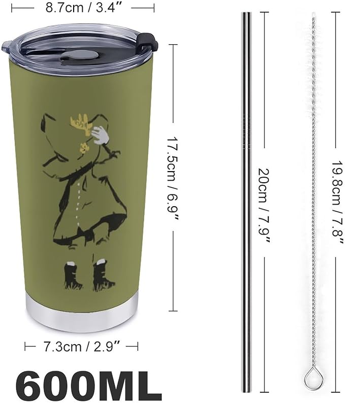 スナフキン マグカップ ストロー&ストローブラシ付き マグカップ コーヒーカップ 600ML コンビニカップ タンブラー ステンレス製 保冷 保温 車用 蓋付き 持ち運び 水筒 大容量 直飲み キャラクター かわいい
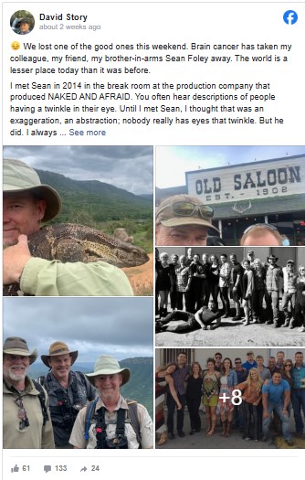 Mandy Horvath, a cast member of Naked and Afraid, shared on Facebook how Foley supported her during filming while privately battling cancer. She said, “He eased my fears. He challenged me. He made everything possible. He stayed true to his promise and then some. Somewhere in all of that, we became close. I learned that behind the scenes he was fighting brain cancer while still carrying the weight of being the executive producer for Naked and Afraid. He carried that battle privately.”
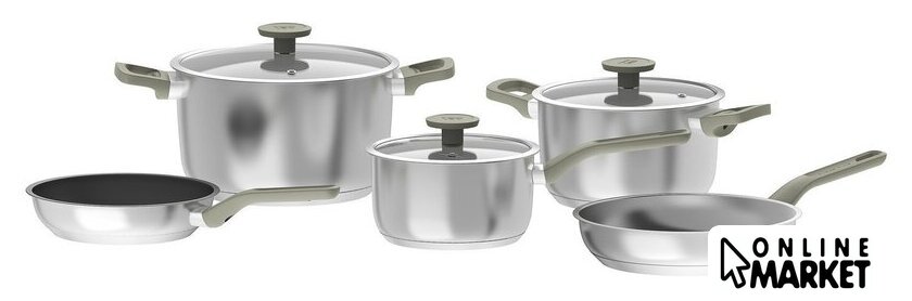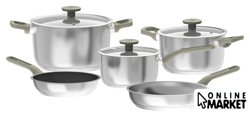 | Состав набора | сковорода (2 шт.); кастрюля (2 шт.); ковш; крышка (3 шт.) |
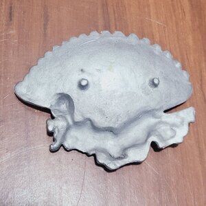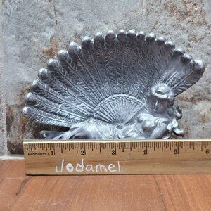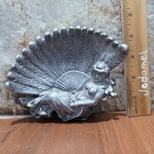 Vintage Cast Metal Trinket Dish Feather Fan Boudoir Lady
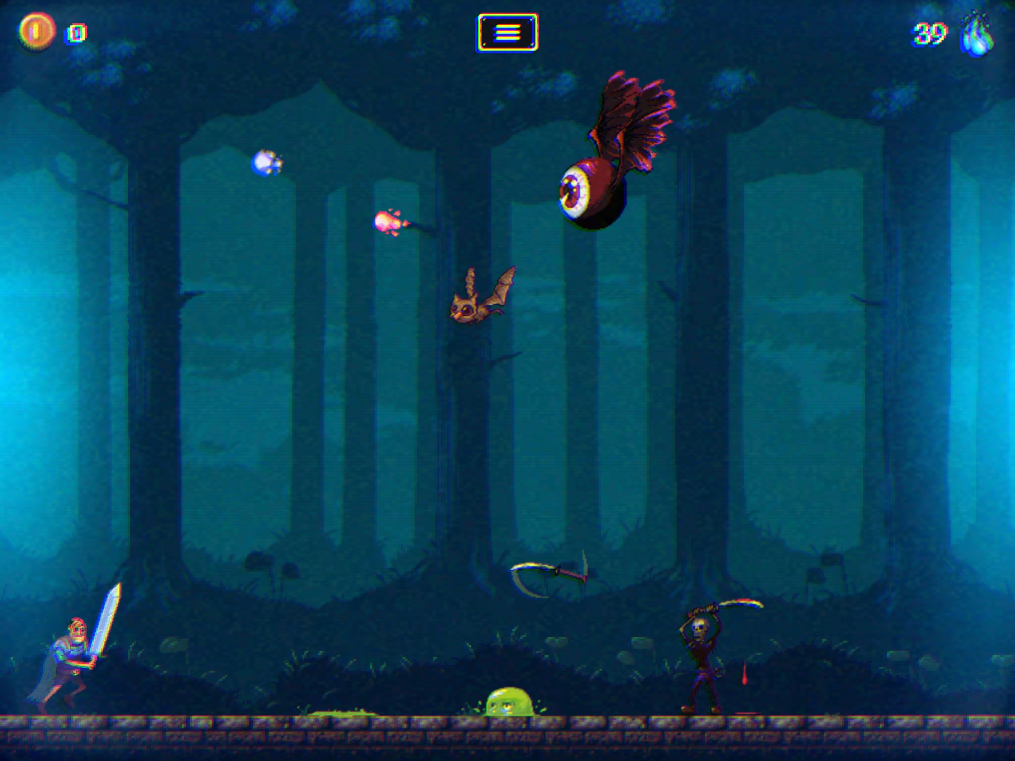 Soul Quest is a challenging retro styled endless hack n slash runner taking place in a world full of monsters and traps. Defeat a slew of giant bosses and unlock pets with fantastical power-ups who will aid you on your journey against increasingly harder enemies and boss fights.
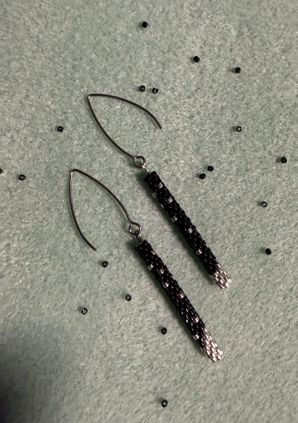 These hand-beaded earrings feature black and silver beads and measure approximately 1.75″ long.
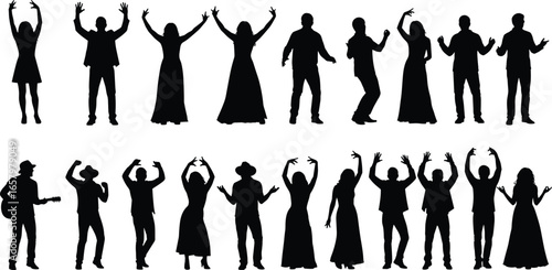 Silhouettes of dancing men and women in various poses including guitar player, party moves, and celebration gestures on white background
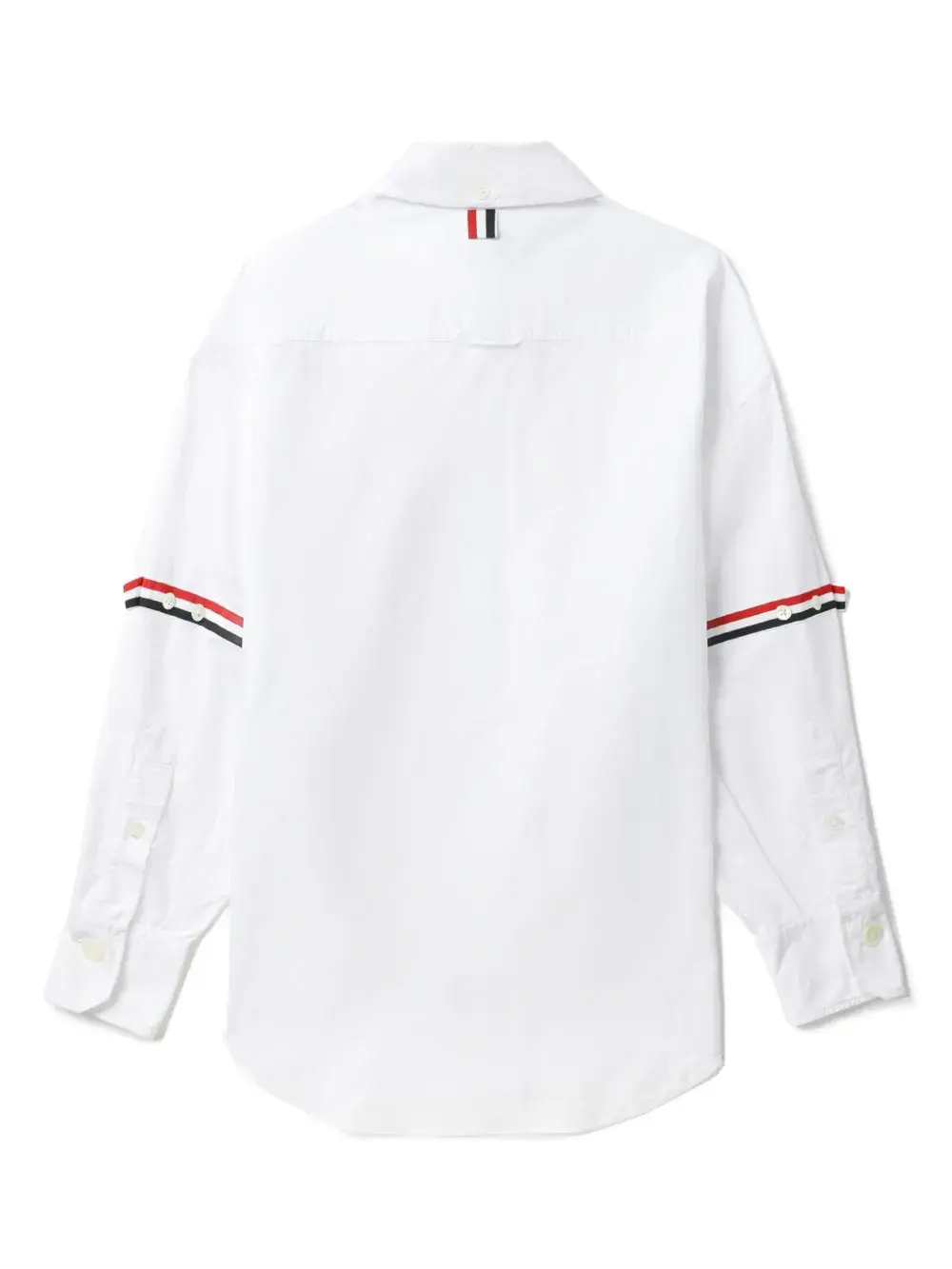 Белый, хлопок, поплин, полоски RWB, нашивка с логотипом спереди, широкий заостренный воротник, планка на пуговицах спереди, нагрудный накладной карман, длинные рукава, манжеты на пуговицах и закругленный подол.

WORK REQUIRED:
An exact repetition of the listing is needed, with the pictures dropped.

REPLY:
 スナフキン マグカップ ストロー&ストローブラシ付き マグカップ コーヒーカップ 600ML コンビニカップ タンブラー ステンレス製 保冷 保温 車用 蓋付き 持ち運び 水筒 大容量 直飲み キャラクター かわいい
 Mandy Horvath, a cast member of Naked and Afraid, shared on Facebook how Foley supported her during filming while privately battling cancer. She said, “He eased my fears. He challenged me. He made everything possible. He stayed true to his promise and then some. Somewhere in all of that, we became close. I learned that behind the scenes he was fighting brain cancer while still carrying the weight of being the executive producer for Naked and Afraid. He carried that battle privately.”
 | Состав набора | сковорода (2 шт.); кастрюля (2 шт.); ковш; крышка (3 шт.) |
 Vintage Cast Metal Trinket Dish Feather Fan Boudoir Lady
 Soul Quest is a challenging retro styled endless hack n slash runner taking place in a world full of monsters and traps. Defeat a slew of giant bosses and unlock pets with fantastical power-ups who will aid you on your journey against increasingly harder enemies and boss fights.
 These hand-beaded earrings feature black and silver beads and measure approximately 1.75″ long.
 Silhouettes of dancing men and women in various poses including guitar player, party moves, and celebration gestures on white background
 Белый, хлопок, поплин, полоски RWB, нашивка с логотипом спереди, широкий заостренный воротник, планка на пуговицах спереди, нагрудный накладной карман, длинные рукава, манжеты на пуговицах и закругленный подол.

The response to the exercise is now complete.